When poets refer to other great works, people, and events, it’s usually not accidental. Put on your super-sleuth hat and figure out why.
- Chapman: The Chapman in the title is George Chapman, who translated Homer's work in the seventeenth century. Interestingly, the Chapman translation was widely considered inferior to the more famous Alexander Pope translation.
- Apollo: Fine, he isn't technically a person, but he's the god of poetry in Greek mythology. (4)
- Homer: He's the blind, epic poet who composed The Iliad and The Odyssey.
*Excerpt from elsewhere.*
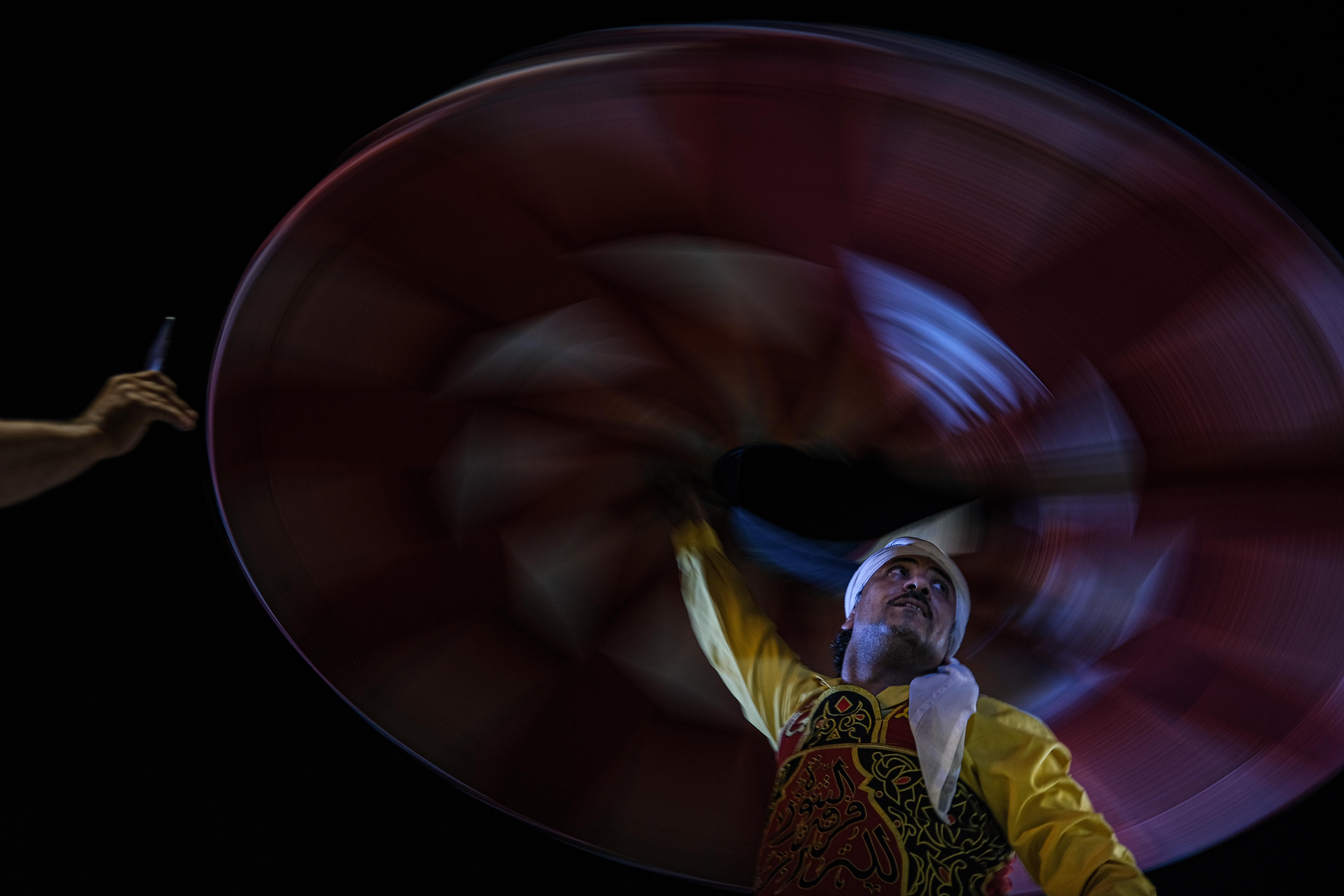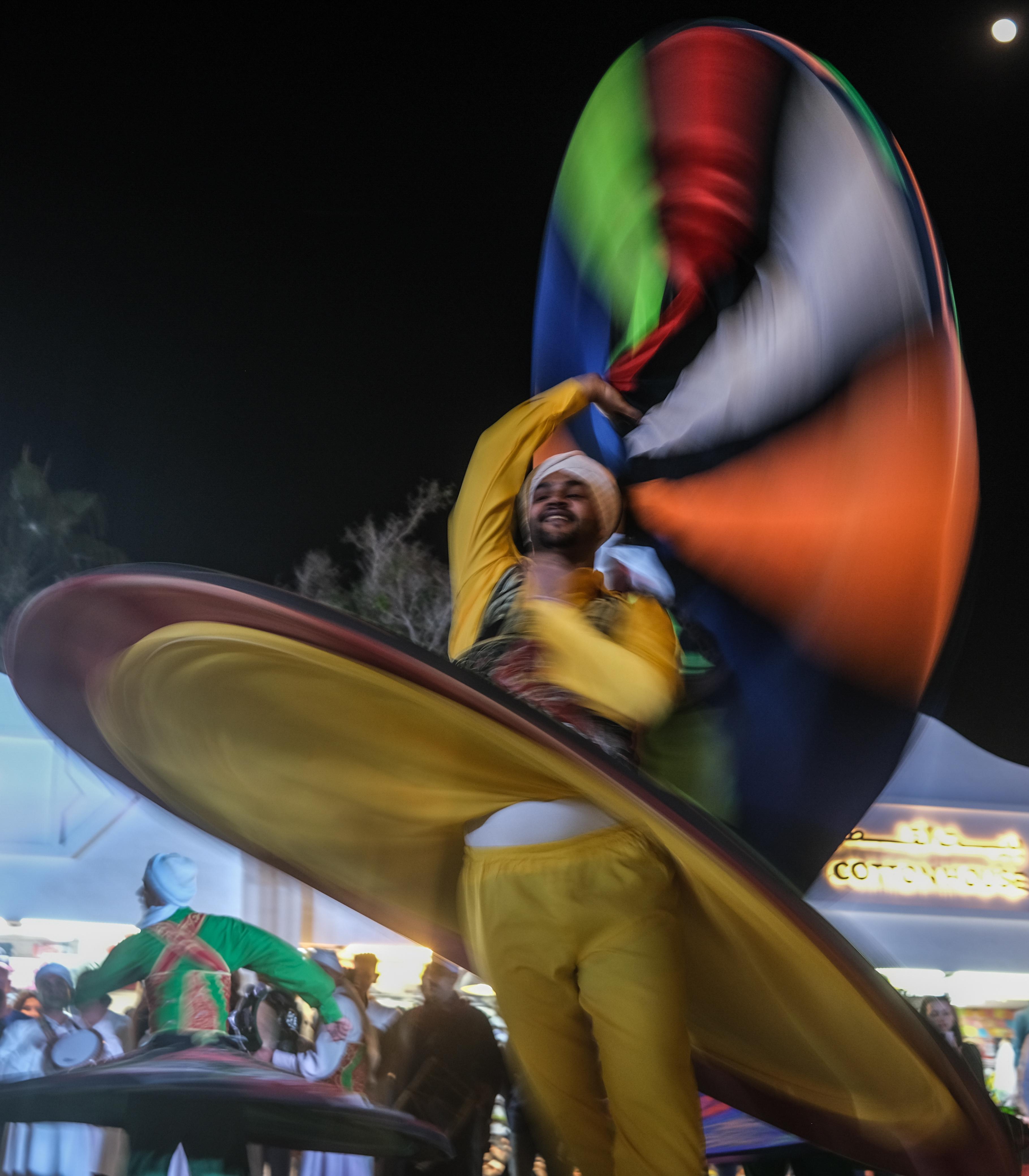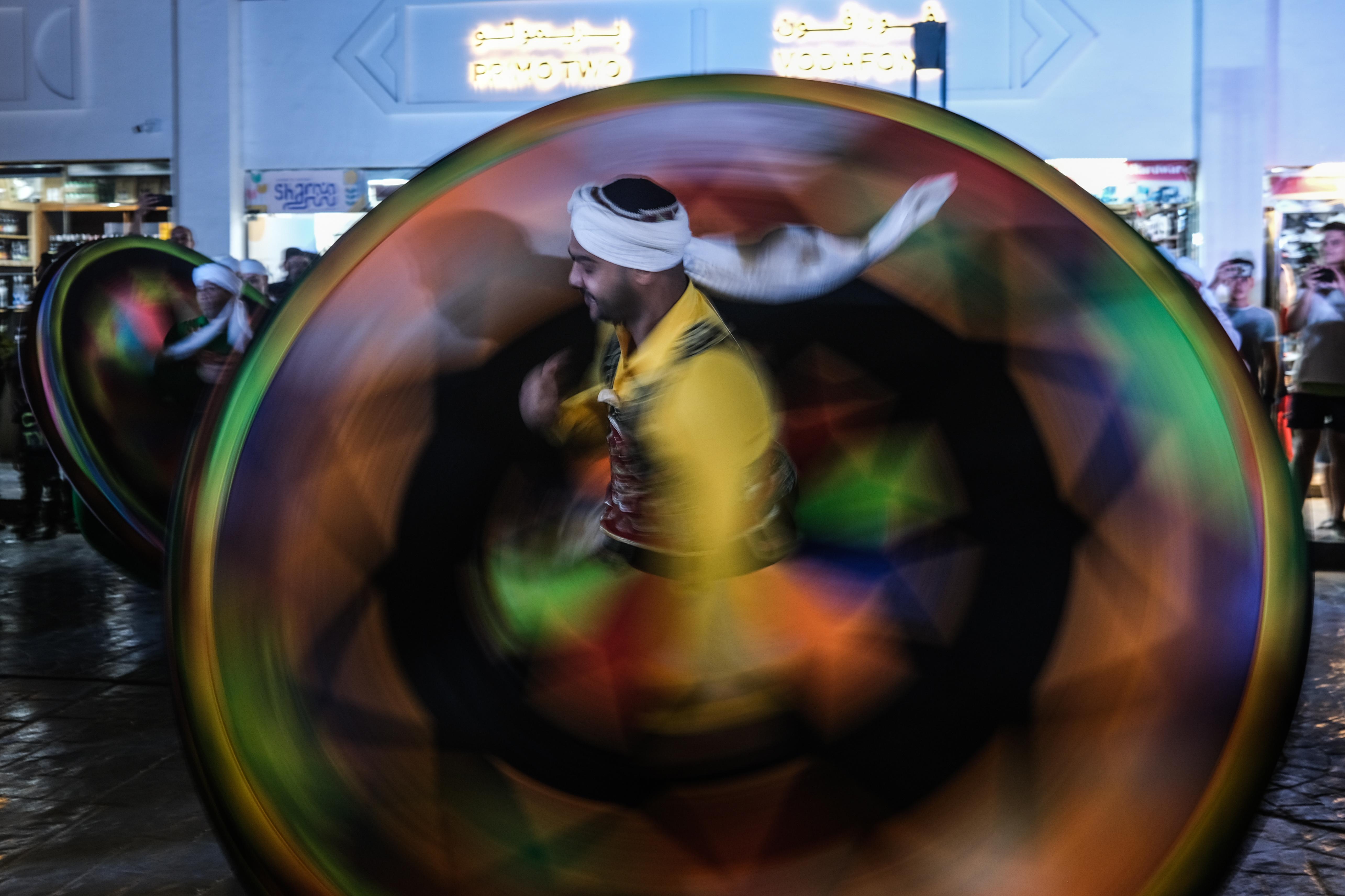 大裙舞是埃及民间传统舞蹈,舞者身着艳丽服装,随乐声旋转舞动,速度时快时慢,圆裙像波浪般翻滚。

He is regarded as sort of the father (or great-great grandfather) of poetry. (6)
- Cortez: Keats references this Spanish explorer, but he really means Balboa, the explorer who hiked across Panama and laid eyes on the Pacific Ocean. (11)
- "Western islands": These refer to the West Indies, though in context they also give a shout out to the islands around Greece where The Odyssey is set. (3)
- The Pacific: The ocean gets a nod from Keats. Specifically, he's referring to the first discovery of the world's largest ocean by the Spanish explorer Balboa.(12)
- Darien: This is the province in Panama in which Balboa first saw the ocean. (14)
- Uranus: No jokes, please. Keats gives a shout-out to the relatively recent discovery of Uranus by Sir William Herschel in 1781. This was a very big deal as it was the first planet not found by the astronomers of antiquity. (10)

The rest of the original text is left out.